Глава 2
В холодильнике остался только один сырок. Что не только до жути обидно, но и странно. Привычки уничтожать что-либо в пищу за старшими не водилось, еду они только приносили. Поджав губы и грозно сощурившись, я уставилась на Котика. Жаба на подозрения не отреагировала – как сидела в раковине, так и глазом не дернула.
Тут за спиной зашуршало. Из гостиной, сминая блестящую зеленую обертку вышел Азар.
- Ты!
- Я.
- Ты съел мой сырок!
- Тебе привиделось, - отмахнулся он. Фантик стал сминаться сам, потихоньку загораясь. От руки старшего потянулась ниточка дыма. - Тревожно мне. Ешь, что осталось, - на ладони как раз остался только пепел, который, впрочем, тут же испарился. Азар налил себе стакан воды и, опершись о край тумбы, спросил, как ни в чем не бывало: - Как здоровье бабайки? Или на кого тебя вчера вытянули.
- Никакой там не бабайка, - заявила я. Хлопнула дверцей холодильника, подсела к опекуну, чтобы открыл-таки единственный выживший сырок, и принялась объяснять: - Там целая стая злыдней. Ну, три штуки. Как те, что у нас в Мольвактене, в избушке жили и кашу ели, как Кузя, а каша вкусная, кстати, Петя хорошо делает, вот они и едят, а я вот не умею пока так, только если такие, в пакетиках, как ты приносил, и то не так вкусно, а вкусно, только если варенье добавить, кстати, сырок с вареньем был хороший, ты такой еще купи, а они, мастер слово сказал, потешные, лохматые такие и визжат, только там уже навьи, а тут уже выскочки, так сидели на кухне, за мусоркой и в буфете буянили, ну, не сразу буянили, а когда меня не было, и когда я уже чистить стала, так они шу-шу, как в мультике было, помнишь, я когда, после вчера, или когда там было, ну, короче, в общем, я их словила, а они еще веника бояться, а там еще дома веника не было, а я их р-раз! Так заморозила, обнулила, сижу вся в крови из бутылочки – большая попалась, а мастер еще, когда шли туда, говорит, не надо, ты уже и так можешь, а я все равно решила, ну лучше же – вон, какие руки красные были. Выходим, а тут дождь пошел и... Эй! Я кому рассказываю?
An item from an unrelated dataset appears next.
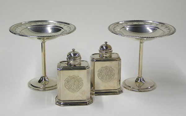 Three English Silver Serving and Table ObjectsMar 13, 2026Three silver articles6 days LeftCased George III Sterling Silver Tea Caddy SetMar 16, 2026A PAIR OF GEORGE III SILVER SHAPED OVAL TEA CADDIES, AARON LESTOURGEON, LONDON 17816 days LeftGorham Mfg. Co. Silver-Soldered Five Piece Tea & Coffee ServiceMar 14, 2026ANTIQUE VICTORIAN AESTHETIC GERMAN COIN SILVER TEA SET2 days LeftGorham Plymouth Sterling Silver Coffee & Tea SetMar 19, 2026Birmingham Silverplated Melon Form Tea ServiceMar 07, 20263 pcs Vintage Silver Plated Tea Pots, incl. 5th Ave Co., Meriden & Wilcox. Very Good Condition.Wilhelm BINDER. 6-piece tea and coffee set in Queen Anne style. 925, 835 and 800 silver.3 days LeftSILVER. Finest Quality French .950 Tea Service.Mar 08, 2026Art Deco Sterling Silver Tea and Coffee Set, 4pcs, Emile Viner, Sheffield, England, 1940.Mar 10, 2026American Aesthetic Silver-Plate Four Piece Coffee Service, late 19th c., Coffee- H.- 12 1/4 in., W.-2 days LeftCOLLECTION OF SILVERPLATEMar 06, 2026SILVERPLATE TEA AND COFFEE SERVICE5 days LeftSilver Plate Tea Set With Orientalist Motifs And Associated Tray (5-piece)1 day Left

Азар листал список контактов в телефоне и даже не смотрел в мою сторону.
- Мда-да-да. Секунду, - сказал он, прижимая трубку к уху. – Нужно передать только и.
«Если ты захочешь обо всем мне рассказать – ветер знает, где меня искать» - запели с подоконника. Я выудила из-за штор телефон и покрутила в пальцах. Азар скривился, как смертник на электрическом стуле, и едва не заскулил.
- Ты ж мой утренний лучик... Рафи-Рафи-Рафи... потом замучат твари... на связи нет! Конечно, на связи нет с вашей... - бормотал он, исхаживая комнату. Как вдруг остановился и уставился на меня, будто вспомнил, что у него вообще-то есть ребенок. – Ли!
- Почему сам не сходишь? – перехватила его мысль я. – Вы же, вроде, не враждуете. Не похоже не то.
- Да, но без приглашения не пустят. Для пространства вредно и так далее. А ты – вактаре. Прогнать тебя они права не имеют. Ну, Ли, по-человечески прошу.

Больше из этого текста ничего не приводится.